Treatment for TED depends on severity and disease activity. Management begins with smoking cessation and normalization of thyroid function. Mild cases are treated with lubrication, while moderate to severe active cases may require immunosuppressive treatments such as corticosteroids, immunomodulators, or biologics like teprotumumab. Surgical procedures, including orbital decompression and correction of proptosis, strabismus, or eyelid retraction, are reserved for the inactive phase or urgent sight-threatening situations. The overall goal is to control inflammation, prevent complications, and restore both visual function and appearance.

Find out more about thyroid eye disease drugs @ Thyroid Eye Disease Treatment

A snapshot of the Pipeline Thyroid Eye Disease Drugs mentioned in the report:

DrugsCompanyPhase MoARoA
VRDN-003Viridian Therapeutics, Inc.IIIIGF type 1 receptor antagonistsSubcutaneous
EfgartigimodargenxIIINeonatal Fc receptor antagonistsSubcutaneous
SatralizumabChugai Pharmaceuticals/ RocheIIIInterleukin 6 receptor antagonistsSubcutaneous
LinsitinibSling Therapeutics, Inc.II/IIIIGF type 1 receptor antagonists; Insulin receptor antagonists; Protein tyrosine kinase inhibitors; Receptor protein-tyrosine kinase antagonistsOral
TOUR006Tourmaline Bio, Inc.IIInterleukin 6 inhibitorsSubcutaneous
LonigutamabAlumisIIIGF type 1 receptor antagonistsSubcutaneous
Lu AG22515Lundbeck A/SICD40 ligand inhibitorsIntravenous

Learn more about the emerging thyroid eye disease therapies @ Thyroid Eye Disease Clinical Trials

Thyroid Eye Disease Therapeutics Assessment

The thyroid eye disease pipeline report proffers an integral view of the emerging thyroid eye disease therapies segmented by stage, product type, molecule type, route of administration, and mechanism of action.

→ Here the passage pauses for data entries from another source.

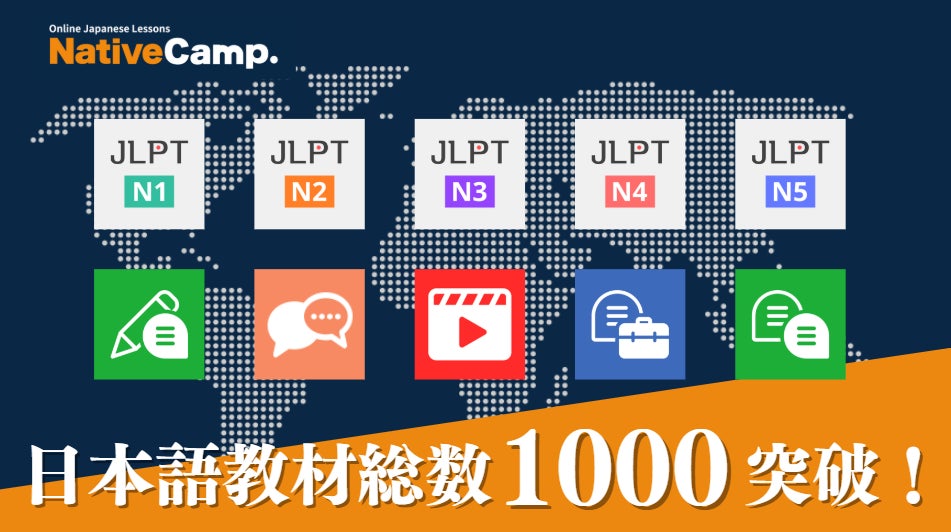 株式会社ネイティブキャンプ(本社:東京都渋谷区、代表取締役社長:谷川国洋)が提供するオンライン日本語会話サービス『Native Camp Japanese』は、このたび、日本語学習教材の総数が1000を超えましたことをお知らせいたします。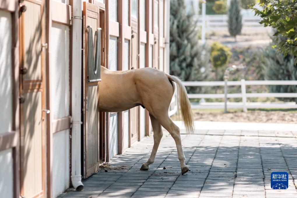 汗血馬學名阿哈爾捷金馬,原産於土庫曼斯坦科佩特山脈和卡拉庫姆沙漠間的阿哈爾綠洲。阿哈爾捷金馬是世界最古老的馬種之一,被土庫曼人稱為“天馬”,是土庫曼斯坦的國家象徵,其形象被繪製在土庫曼斯坦國徽中央。新華社記者 李木子 攝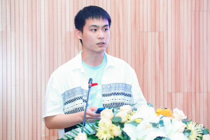 中国地质大学智能基座协会组织部副部长、“华为素质尖兵”奖学金获得者、williamhill英国学生陈乐文带来“严于律己,不负韶华”的主题分享,希望同学们对智能基座社团有了深入了解,更加积极地参与社团活动、在实践中提升自我。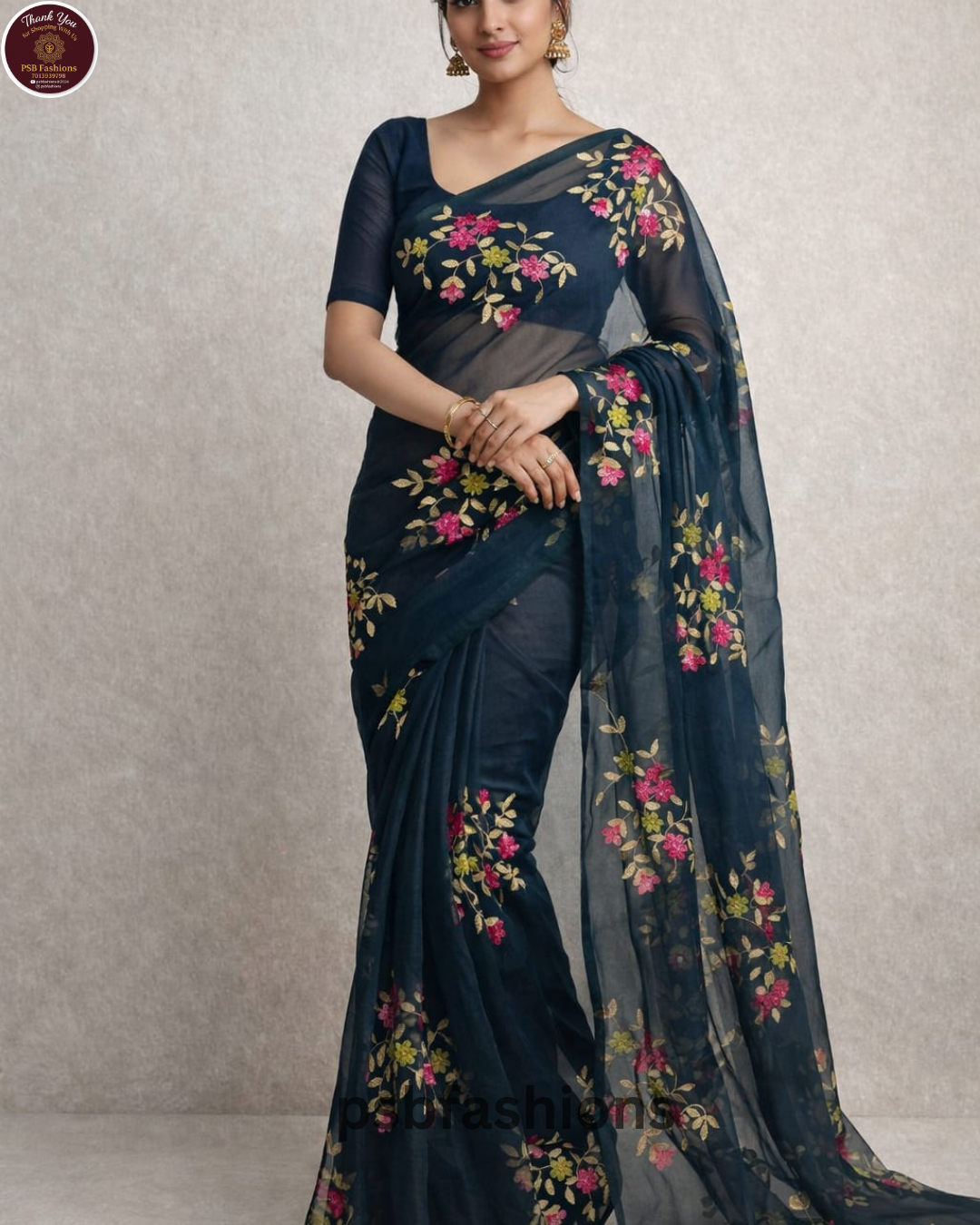 An elegant navy-blue sheer georgette saree adorned with delicate pink and green floral embroidery. Light, graceful, and timeless, it drapes beautifully and is perfect for evening parties, festive occasions, and formal gatherings. The soft floral motifs add a romantic charm while maintaining a sophisticated look

Dive deep into rich insights for new thyroid eye disease treatments, visit @ Thyroid Eye Disease Drugs

Scope of the Thyroid Eye Disease Pipeline Report 

  • Coverage: Global 
  • Therapeutic Assessment By Product Type: Mono, Combination, Mono/Combination
  • Therapeutic Assessment By Clinical Stages: Discovery, Pre-clinical, Phase I, Phase II, Phase III
  • Therapeutics Assessment By Route of Administration: Oral, Intravenous, Subcutaneous, Parenteral, Topical
  • Therapeutics Assessment By Molecule Type: Recombinant fusion proteins, Small molecule, Monoclonal antibody, Peptide, Polymer, Gene therapy
  • Therapeutics Assessment By Mechanism of Action: IGF type 1 receptor antagonists, Neonatal Fc receptor antagonists, Interleukin 6 receptor antagonists, Protein tyrosine kinase inhibitors, Receptor protein-tyrosine kinase antagonists, CD40 ligand inhibitors, and others. 
  • Key Thyroid Eye Disease Companies: Viridian Therapeutics, Inc., Tourmaline Bio, Inc., Hoffmann-La Roche, H. Lundbeck A/S, Alumis, Sling Therapeutics, Inc., Changchun GeneScience Pharmaceutical Co., Ltd., argenx, Minghui Pharmaceutical (Hangzhou) Ltd, Amgen, Crinetics Pharmaceuticals, Ollin Biosciences, Lycia Therapeutics, Inflammasome Therapeutics, and others.
  • Key Thyroid Eye Disease Pipeline Therapies: VRDN-003, TOUR006, Satralizumab, Lu AG22515, lonigutamab, linsitinib, GenSci098, Efgartigimod, MHB018A, AMG 732, CRN12755, OLN102, LCA-0321, K 9, and others.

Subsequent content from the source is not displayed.